Lists are implemented as doubly linked lists, enabling efficient forward and backward traversal but incurring some memory overhead.

Hashes are backed by a hash map. For small numbers of fields Redis uses a compact zipmap representation (encoding zipmap); when the field count grows it automatically converts to a real hash table (encoding ht).

Redis Persistence

Redis offers two persistence options:

RDB : snapshots the dataset at specified intervals.

AOF : appends every write command to a log, replaying it on restart.

RDB advantages: compact single‑file representation and easy backup.

RDB disadvantages: snapshots are not fully durable (data may be lost on crash) and the fork operation can block the server for seconds on large datasets.

When Redis dumps data to disk it forks a child process that writes the dataset to a temporary RDB file, then replaces the old file.

AOF advantages: append‑only log survives power loss.

AOF disadvantages: larger files than RDB and potentially slower depending on fsync policy.

Redis can sync to disk in three ways:

Sync on every write (very safe but slow).

Sync every second (fast, may lose up to one second of data).

Never sync (fast, unsafe).

During AOF rewrite Redis forks a child that writes a new AOF file while the parent continues to buffer incoming writes; once the child finishes, the parent appends the buffered data and replaces the old file.

Redis Transactions

Redis provides a transaction model that differs from traditional ACID databases.

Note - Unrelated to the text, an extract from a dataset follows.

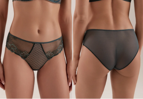 Бельё серии Desire из роскошного цветочного кружева, эластичной сетки с геометрическим рисунком и акцентными деталями подчеркнёт игривость, романтичность и притягательность образа. Изящная модель трусов слип отлично подчеркнёт фигуру, повторяя изгибы тела.

All Redis commands are atomic, but Redis does not support rollback.

Atomicity : every API call is atomic.

Redis sacrifices rollback because failures are limited to syntax errors or type mismatches, which are caught during development.

Consistency : without rollback, Redis cannot guarantee data consistency after a failed transaction.

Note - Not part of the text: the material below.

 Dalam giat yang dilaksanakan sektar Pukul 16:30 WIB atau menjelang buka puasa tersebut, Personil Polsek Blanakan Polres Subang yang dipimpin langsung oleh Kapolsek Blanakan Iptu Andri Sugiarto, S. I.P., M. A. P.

Isolation : single‑threaded execution ensures that a transaction’s intermediate state is not visible to other clients.

Durability : Redis primarily operates in memory; durability is provided only by RDB or AOF. RDB is asynchronous and does not guarantee transaction durability, while AOF writes each command to disk, impacting performance.

Redis Master‑Slave Replication

Redis supports one‑master‑multiple‑slave or cascaded replication.

Full Synchronization occurs when a slave first connects:

Slave sends SYNC to master.

Master runs BGSAVE to create an RDB snapshot and buffers subsequent writes.

Master sends the snapshot to the slave while continuing to buffer writes.

Slave loads the snapshot, discarding old data.

Master streams the buffered writes to the slave.

Slave applies the buffered writes and resumes normal operation.

Incremental Synchronization replicates each write command from master to slave after the initial sync.

Redis Use Cases

Common NoSQL solutions fall into four categories:

Key‑Value stores (e.g., Redis) for flexible data structures.

Document databases (e.g., MongoDB) to avoid rigid schemas.

Column‑family databases (e.g., HBase) for large‑scale I/O workloads.

Search engines (e.g., Elasticsearch) for full‑text search.

Key caching design considerations:

Cache penetration : queries miss the cache because the underlying data does not exist or cache generation is costly.

Cache avalanche : massive cache expiration leads to sudden load spikes.

Hot key mitigation : replicate cache across multiple nodes to distribute load.

Read‑write separation & multi‑level cache strategy.

Homepage split loading pattern.